Check if two strings match where one string contains wildcard characters

Program to check if two strings match where one string contains wildcard characters is discussed here.

DESCRIPTION:

Given a text and pattern string. The pattern consists of the following characters

‘+’: It can be replaced with 0 or more occurrence of the previous character
‘*’: Matches any sequence of characters (including the empty sequence)
‘?’: It can be replaced with a single occurrence of any character.

The task is to determine if the string and pattern match after successfully replacing the special characters in the pattern with the above rules. Print “true” if the text and pattern match else print “false”

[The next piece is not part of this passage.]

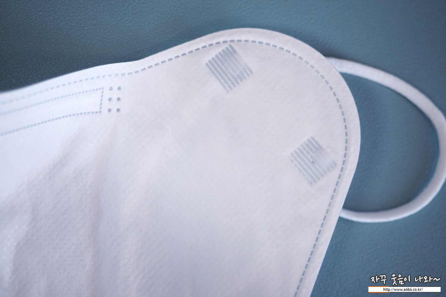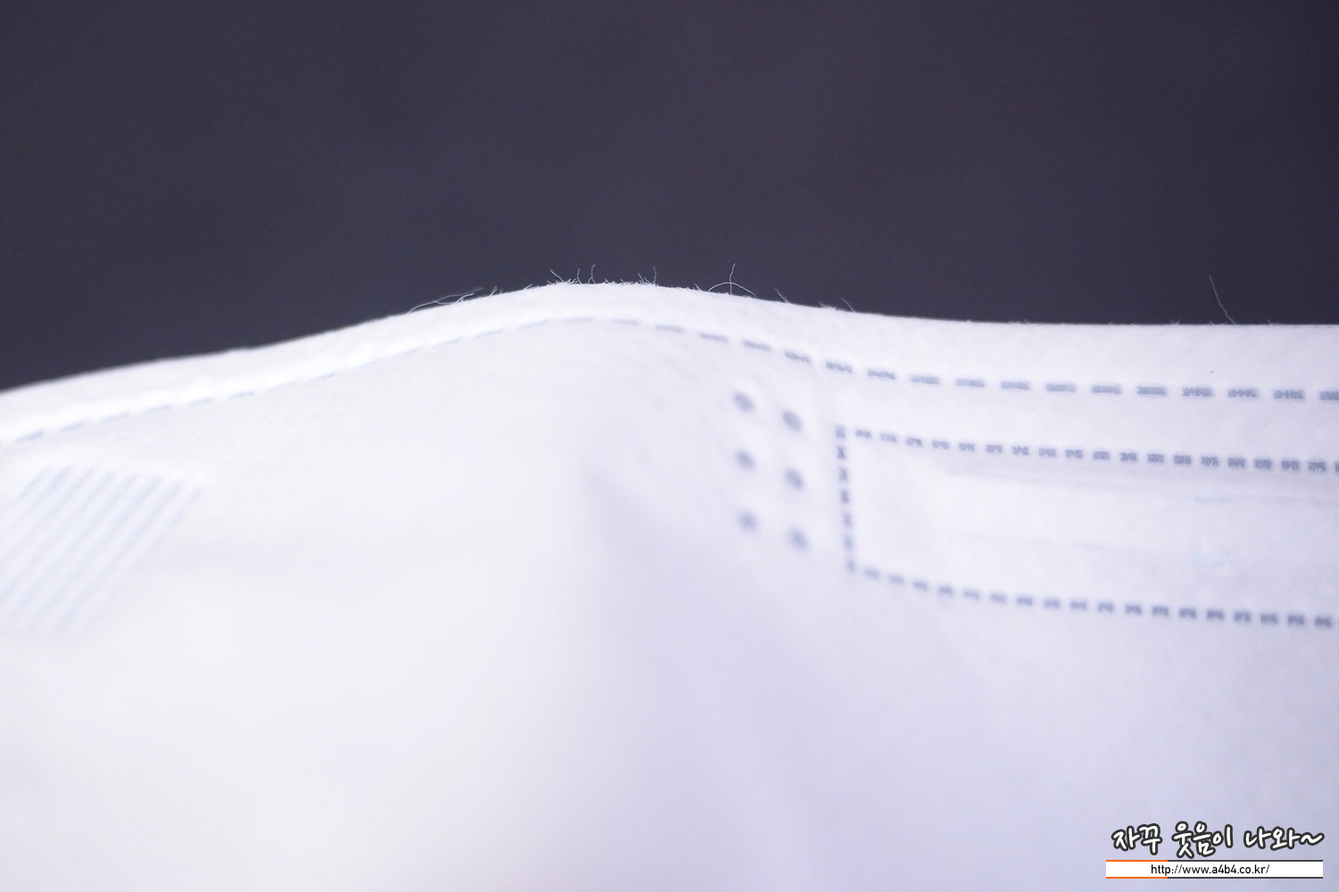 하이가드에어버드방역마스크 안감은 부드러운 감촉의 부직포가 안감으로 사용 되었습니다. 마스크 안감과 테두리로 보풀이 많이 일어나 있는데요. 장시간 사용해도 얼굴이나 입 주변이 가렵거나 간지러운 피부 트러블은 없었네요. 또한, 마스크 안쪽에서 약품 냄새도 나지 않았습니다.

Test Cases: The first string is the pattern and the second string represents the text

Sample Input 1:
String 1: Am?zo
String 2: Amazon

Sample Output :
FALSE

Sample Input 2:
String 1: Am?z*on
String 2: Amazkfdsaon

Sample Output 2:
TRUE

Algorithm to check if two strings match where one string contains wildcard characters

  • Input two strings where string 1 contains wildcard characters.
  • Check both the strings character by character.
  • If a character of string 1 contains a ‘*’ or ‘+’, take the next character from string 1 and check for that character in string 2. If found, continue checking the next character, else return false.
  • If the character of string 1 contains a ‘?’, check if the immediate next character of string 1 and the next character of string 2 match. If they match, proceed checking with the next character. Else, return false.
  • Continue the same process until all the characters have been traversed.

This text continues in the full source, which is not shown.